Skema kemampuan pengenalan wajah orang utan yang dikembangkan WWF-Indonesia dibantu AWS.
WWF-Indonesia mengklaim mengembangkan model ML untuk pengenalan wajah orang utan dari awal dengan dibantu AWS. WWF-Indonesia lalu menggunakan Amazon SageMaker untuk antara lain melatih model tersebut.
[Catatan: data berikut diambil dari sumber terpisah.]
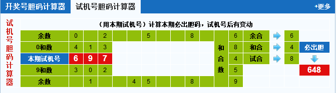 本期胆码计算器与试机号重合一码6。6号球已经连续两期在试机号出现了,可见其复出心切。而目前6号球也仅间隔两期,又是近期余地充足的大号,本期6号球值得一防。

Sejauh ini, tingkat keakuratan dari kemampuan pengenalan wajah orang utan yang dikembangkan WWF-Indonesia disebutkan berkisar dari 35% sampai 95%. WWF-Indonesia pun berharap partisipasi pihak-pihak lain agar bisa mengembangkan kemampuan pengenalan wajah orang utan tersebut menjadi makin baik dan juga digunakan untuk spesies/keperluan lain. Partisipasi itu juga diharapkan bisa membantu kemampuan pengenalan wajah orang utan bersangkutan nantinya di-deploy di berbagai lokasi yang sesuai di tanah air.
"Dengan adanya bantuan machine learning ini, kami berharap pekerjaan teman-teman di lapangan akan jauh dipermudah. Intinya, kalau kita bisa mengidentifikasi individual, kita bisa mengidentifikasi komunitas orang utan. Kita bisa memonitor, kita bisa mengidentifikasi perilaku mereka, baik secara individu maupun secara kelompok, dan pada gilirannya kita bisa mengelola habitat mereka. Kita bisa memberikan tempat yang layak bagi mereka dan menyediakan manfaat yang seimbang antara manusia yang berdiam di lingkungan tersebut dengan orang utan itu sendiri. Dengan adanya bantuan teknologi ini, akurasi yang tinggi dapat kita jamin, dan dengan demikian pula kesimpulan atau keputusan yang kita ambil dari hasil monitoring kita bisa dipertanggungjawabkan dengan lebih baik," pungkas Aria Nagasastra.